What does a typical writing day look like for you?
I write in the mornings and have a routine: meditate for 20 minutes, exercises, ablutions and breakfast, then write. This might just be an hour or it might continue all day. I always try to walk afterwards, especially if I have a plot problem. Somehow the acting of walking lets things ‘percolate’ and sometimes the answer arrives. How much I write also depends on the stage of the novel: as a plotter, I tend to write a ‘Zero Draft’ first (an anything-goes, rough as rough, ‘shitty’ draft in which the form of the novel is slapped down and craft doesn’t get a look-in) which may be up to 12,000 words. Then I write the first draft, which is my least favourite part of the process. The carrot-on-the-stick part is the editing – I love it!
Pushkin have commissioned a second middle-grade novel and also bought a picture text. What can you tell us about these books?
SHOOO!!! is a picture book text I wrote during another course (Curtis Brown’s Writing A Children’s Picture Book) as light relief from the first draft of my next middle-grade (I hate first drafts). It’s a story about a grumpy woman whose home is invaded by Zoo animals. It won’t come out until 2022 but Pushkin have just shown me early sketches from a great illustrator. I was thrilled that Pushkin decided to buy it as their first ‘in-house’ picture book.
Outsiders (working title) is my second middle-grade novel and is a mash-up of Pygmalion and The Red Shoes. It’s due out next year.

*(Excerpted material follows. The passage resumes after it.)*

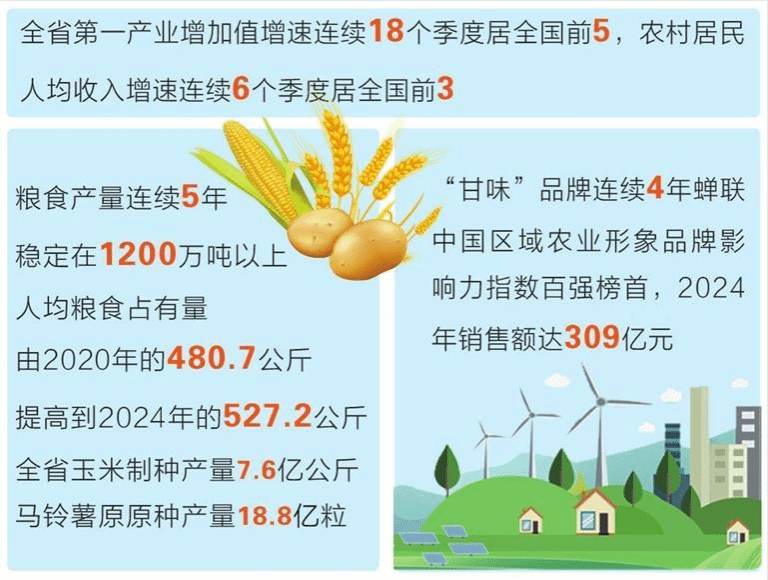 产业发展由“扩规模”向“提质效”集聚提升。深度挖掘寒旱特质,启动建设全国现代寒旱特色农业先行基地,开展“扩量、提质、延链、增效”四大行动,全力打造“牛羊菜果薯药粮种”八大产业集群和25个产业带。实施“引大引强引头部”行动,新增转规农产品加工企业214家,农产品加工转化率提升至65%。“甘味”品牌连续4年蝉联中国区域农业形象品牌影响力指数百强榜首,通过实施“甘味出陇”等行动,设立“甘味”全国授权门店100个、国内终端市场运营中心8个、海外仓储运营中心5个,2024年销售额达309亿元,农产品出口37亿元。

Where and how have you been spending lockdown?
Lockdown hasn’t been so different to my normal life. I’ve always been fond of solitude and live alone – indeed, the aspect of keeping other people at a six-foot distance is positively appealing! It’s hard to reconcile the personal experience with the terrible things happening in the country and in the world. For me, lockdown has shown me the beauty of simplicity. The future is out of bounds, and so one is kept firmly in the present moment. I’ve been very grateful to have a project – Outsiders must be delivered by the end of the July. And then there’s the challenge of thinking about publicity for School for Nobodies, which will be published on July 2nd. I’m so grateful that bookshops will be reopening in mid-June and that Amazon are delivering books again. But any publicity will need to be done virtually.
Lastly, any advice for aspiring children’s novelists?
Read widely in your genre. Keep the stakes high – then raise them higher. Accept that in writing a children’s novel you are embarking on a challenging and ultimately hugely satisfying journey during which you’ll feel periods of shame and despair and periods of ecstatic superiority. Believe neither.
And above all, don’t give up. I was 66 when I signed with my agent…
Thoroughly charming and endlessly intriguing, Bower’s accomplished debut combines a magical mystery with a heartfelt account of adoption and trying to fit in. Written with grace and flair, School for Nobodies exerts a luminous hold on the imagination from start to finish.